Monday, August 1, 2011

Centaurus A, Wild and Wonderful Galaxy

Today I've got a picture of an amazing galaxy for you to enjoy, Centarus A. I took this picture a little over a year ago. Centaurus A is a really strange beast in a universe full of exotic galaxies. You know, you'd think I wouldn't be continually surprised at the fact that the pictures I take look like the ones I see that other people have taken, but for some reason I'm always pleasantly surprised that my pictures look just the way I expect an object to look.

Centaurus A, unusual galaxy. In Centaurus, obviously.
If it weren't for that highly unusual dust lane running across it, Centaurus A would appear to be a fairly normal elliptical (or possibly lenticular) galaxy. But that dust lane immediately transforms it into a galaxy of much interest to astronomers. That dust is there because Centaurus A is actually two galaxies undergoing a collision; an elliptical galaxy, and a spiral galaxy like our Milky Way. The dust acts as a highly efficient blocker of light, causing the dark stripe you see in the image.
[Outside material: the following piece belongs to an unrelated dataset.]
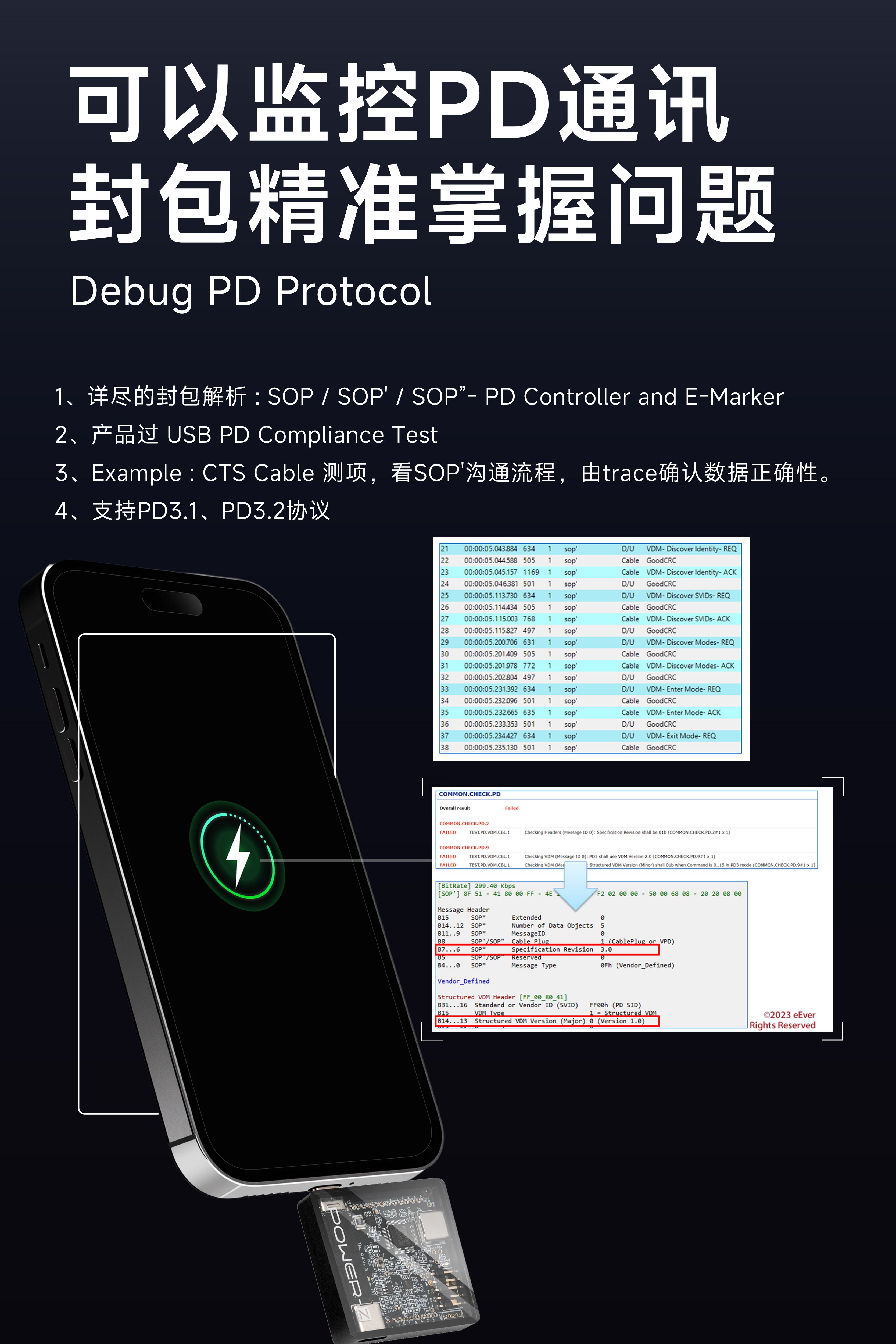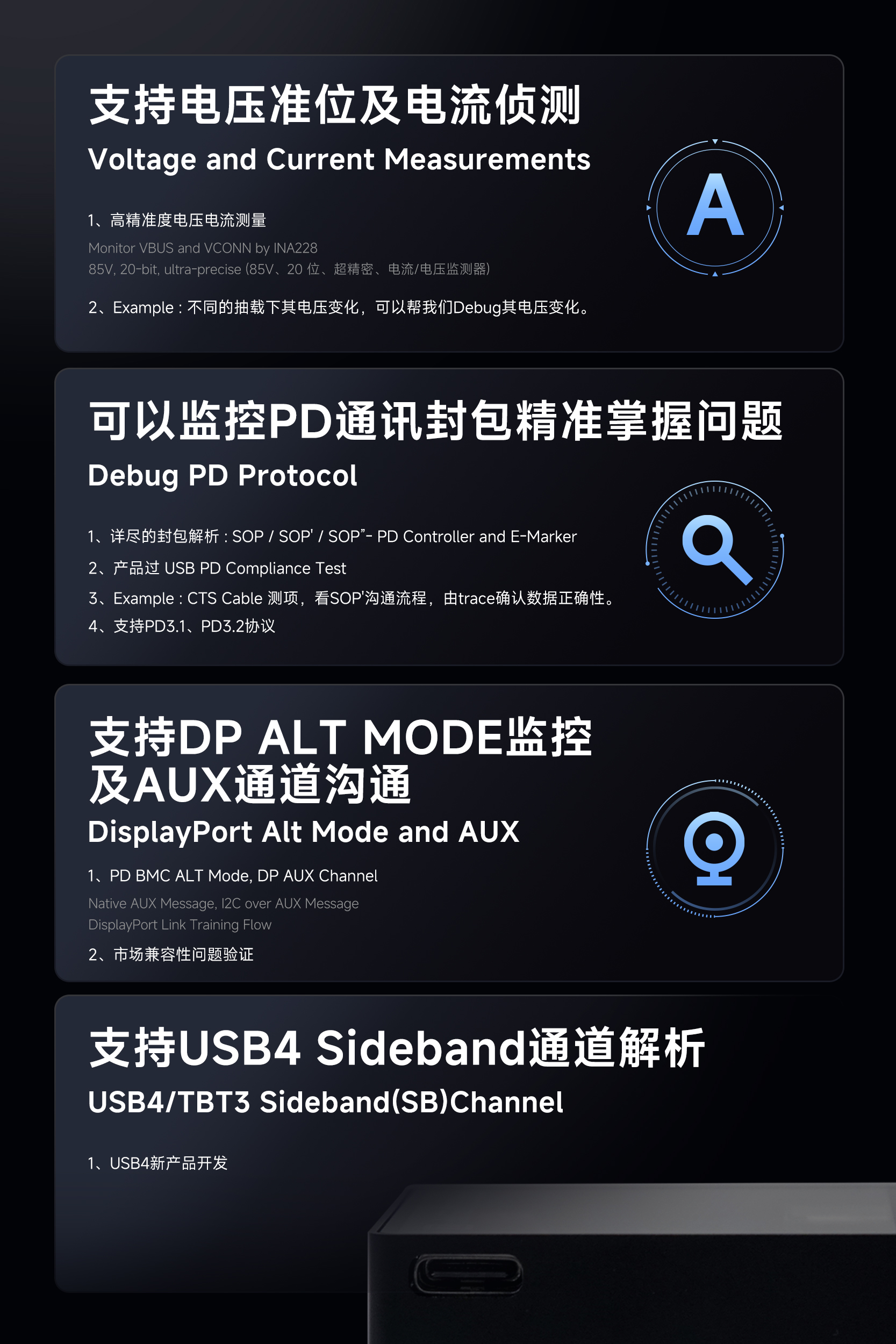 CAHRGERLAB POWER-Z ET240协议逻辑分析仪PD包解码DP消息USB4边带消息

Centaurus A lights up the sky in radio wavelengths due to two humongous radio-producing lobes coming from both ends (the upper left and lower right in this orientation). These lobes come from bits of gas accelerated to about half the speed of light by a supermassive black hole that resides in the center of the composite galaxy and extend for hundreds of thousands of light years in space. If we could see these lobes with our eyes, each of them would appear several times larger than the full Moon on the sky (Centarus A itself is about 2/3 the size of the full Moon).

Centaurus A is a relatively nearby galaxy, somewhere between 10-16 million light years away (that's about 60-86 quadrillion miles, or 60-86,000,000,000,000,000,000 miles). It's also one of the brighter galaxies on the sky, which is one reason I was able to get such a good shot of it. All in all it's a fascinating galaxy, and one that I'm highly pleased I was able to get a picture of.